If the person has bought into the idea that some racial groups are more desirable than others and date such people because they consider them to be “catches” or “trophies,” there's little you can do to change their mindset anyway. They'll likely excuse their dating patterns as being simple “preferences” rather than examine how our racially stratified society has influenced them to find some racial groups more appealing than others.
Minorities in Interracial Romances Hate Themselves
People of color who date interracially are often accused of suffering from self-hatred. While some minorities date whites in particular for social status, many minorities who date across the color line are proud of their heritage.
They're not dating interracially to dilute their bloodlines. They simply felt a spark with someone who doesn't share their racial background. This doesn't mean that they don't identify with their minority group and are ashamed to be part of that group.
A number of African Americans who married interracially have fiercely fought for civil rights and the uplift of their racial group, including the abolitionist Frederick Douglass, playwright Lorraine Hansberry, U.S. Supreme Court Justice Thurgood Marshall and actor-singer Harry Belafonte.
Whites in Interracial Marriages Are Rebelling
While minorities in interracial relationships are often accused of hating themselves, whites in such relationships are often accused of rebelling. They didn't marry interracially because they truly loved their spouse, outsiders say, but because they wanted to get back at their parents.

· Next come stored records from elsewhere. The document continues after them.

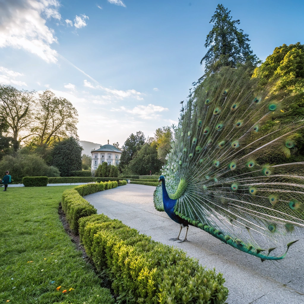 A stunning peacock displaying its colorful feathers in a tranquil park setting.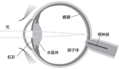 こうして外から入ってきた光は水晶体を通ったあとに屈折し、網膜上に像を結びます。網膜はフィルムのような役割を果たしているといえます。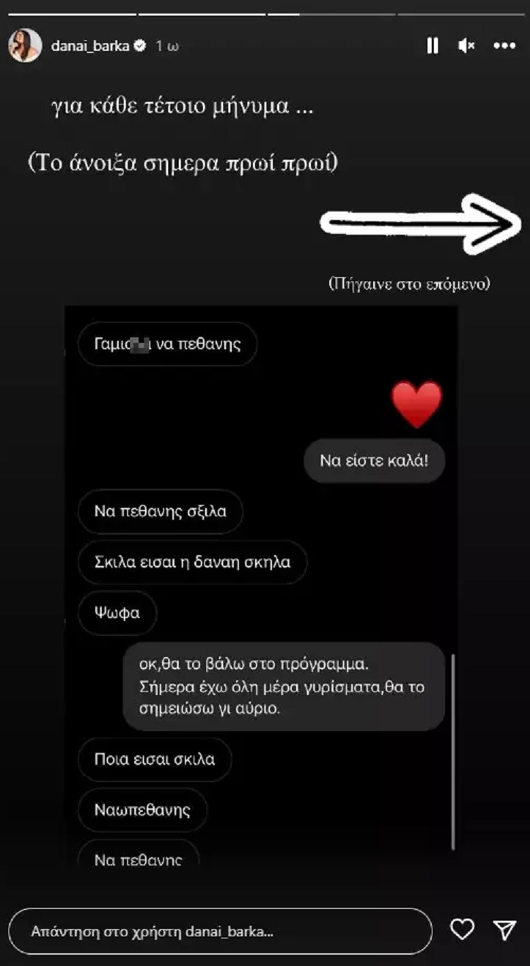 Η Δανάη Μπάρκα σε ανάρτησή της στο Instagram αναφέρθηκε στα υβριστικά μηνύματα που δέχθηκε κι έδωσε απάντηση σε αυτά με τον δικό της ξεχωριστό τρόπο.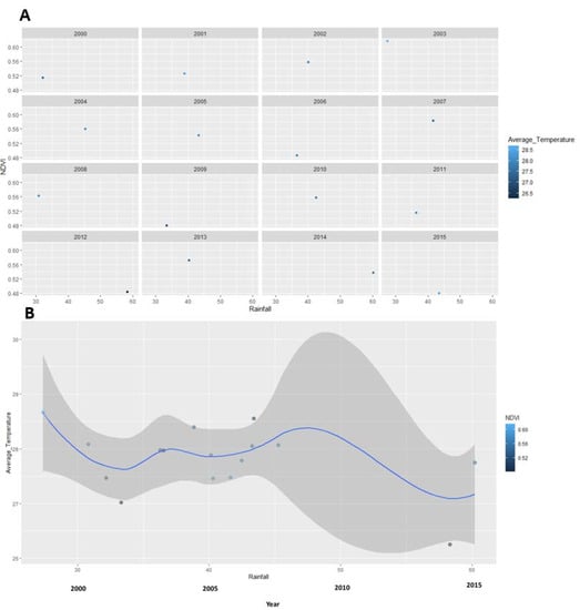 The trajectory of NDVI, rainfall and temperature in the study area ((A) annual distributions mean NDVI, rainfall and temperature. (B) Trajectory of the relationship between rainfall, temperature and NDVI patterns from 2000 to 2015). (A) is presenting the annual distributions and changes of mean NDVI values (Y-axis), the distribution of temperature is presented in graduating shades of the blue (see legend for values for the interpretation of temperature values) and the mean of rainfall received in the region is described in the direction and positions of the dots in the X-axis. (B) is showing the relationship between annual mean NDVI, temperature and rainfall (mean depicted in blue line). The mean temperature is presented on the Y-axis, the mean of rainfall received in the region is described in the direction and positions of the doted blues on the X-axis and the mean NDVI here is presented in graduating shades of the blue dots (see legend for the interpretation of the dotted blue representing NDVI values). The grey curve in the chart describes the correlation or relationship of the three variables. A narrow curve shows a close relationship between weather variables and NDVI, while a wide grey shading reveals a deviation in relationships (especially around 2007–2008).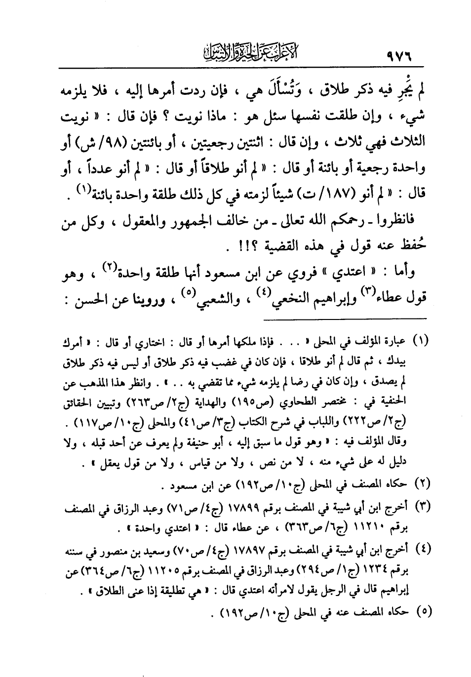 (¬٤) أخرج ابن أبي شيبة في المصنف برقم ١٧٨٩٧ (ج ٤/ ص ٧٠) وسعيد بن منصور في سنته برقم ١٢٣٤ (ج ١/ ص ٢٩٤) وعبد الرزاق في المصنف برقم ١١٢٠٥ (ج ٦/ ص ٣٦٤) عن إبراهيم قال في الرجل يقول لامرأته اعتدي قال: "هي تطليقة إذا عنى الطلاق".
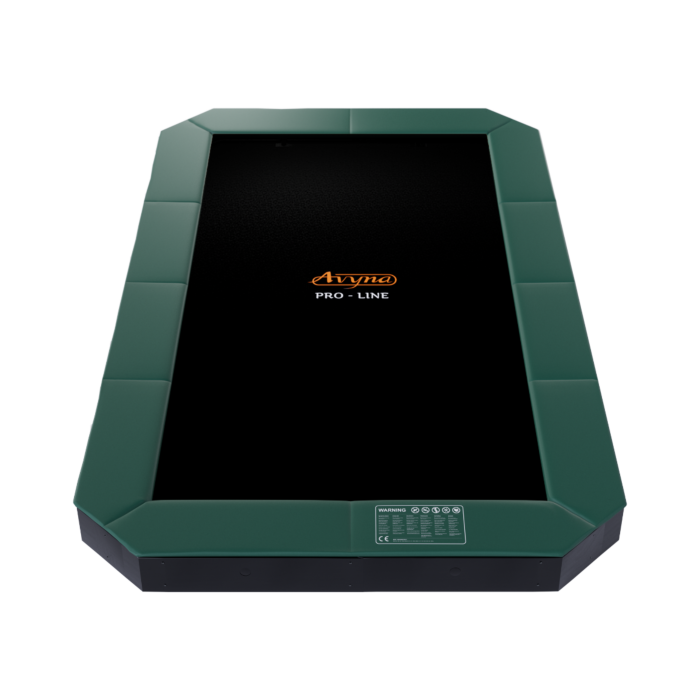 Deze FlatLevel trampoline is met zijn afmeting 5,20x3,05 de allergrootste in ons assortiment. Deze trampoline heeft een groot springoppervlak en maakt jouw tuin compleet. De trampoline heeft een stevige groene rand en is uitgerust met onze vernieuwde Avyna MAX springmat! Deze mat is speciaal ontwikkeld voor onze FlatLevels zodat je nóg beter kunt springen. De matten hebben namelijk een open structuur, waardoor er tot maar liefst 200% meer luchtdoorlating kan plaatsvinden dan bij normale matten. En dit verschil merk je écht tijdens het springen. Op geen enkele trampoline zul je zo fijn springen als op onze FlatLevel trampolines in combinatie met de MAX springmatten. Kortom, deze trampoline is een uitstekende keuze voor de allerbeste springervaring!Avyna verkoopt en produceert al ruim 25 jaar hoogwaardige kwaliteit trampolines. We besteden veel aandacht aan de details en afwerking. Wij bieden zelfs, als enige trampolinemerk, een levenslange garantie op onze trampolineframes. Hier zijn wij enorm trots op. Koop je een trampoline van ons merk Avyna? Dan ben je decennia lang verzekerd van een goede kwaliteit trampoline. Bovendien hebben al onze trampolines een CE markering, zijn EN 7114 gekeurd én bezitten een EN 1176 certificering.Deze trampoline is gekeurd en gecertificeerd en mag gebruikt worden in openbare ruimtes zoals vakantieparken, scholen en instellingen. Benodigde documenten zijn hiervoor op aanvraag.

Are there white people who bring home a person of another race because they know it will drive their parents crazy? Probably. But it's unlikely that these people would have a sustained relationship with someone of a different race just to spite their parents, let alone marry interracially to do so.
Minorities in Interracial Relationships Date Down
It's a common belief that people of color in interracial relationships, especially with whites, date down rather than up. In other words, their partners aren't particularly attractive, moneyed or educated. They are not dating “catches.”
The rationale here is that whites enjoy so much privilege in society that minorities who pursue romances with them aren't exactly picky. Any white person will do. This, of course, is a sweeping generalization. Unless the only criterion a person has in a mate is that she be white, it's doubtful that this generalization applies.
Rosie Cuison Villazor, a law professor and editor of "Loving v. Virginia in a Post-Racial World," has found that the income of interracial couples tends to vary by the racial makeup of the couple.
“Forty-two percent of white men/Asian women married couples both went to college, compared with 20 percent of white/Hispanic married couples and 17 percent of white/black married couples,” she found. “A look at earnings also reveals racial and gender differences: the median combined income of white/Asian couples is $70,952, compared with $53,187 for white/black married couples.”
The fact that black-white couples earn less than white-Asian couples reflects the fact that blacks generally earn less than whites in the United States, while Asians tend to earn as much or more money than whites. Given this and the fact people of all races are more likely to romance those who share their economic and education background, it's inaccurate to suggest that minorities in interracial relationships marry or date down.
Maillard, Kevin Noble. "Loving vs. Virginia in a Post-Racial World." Rose Cuison Villazor (Editor), Cambridge University Press, May 16, 2012.
Villazor, Rose Cuison. "Marrying Across Racial Lines, but Still Seeing Lines." The New York Times, November 17, 2014.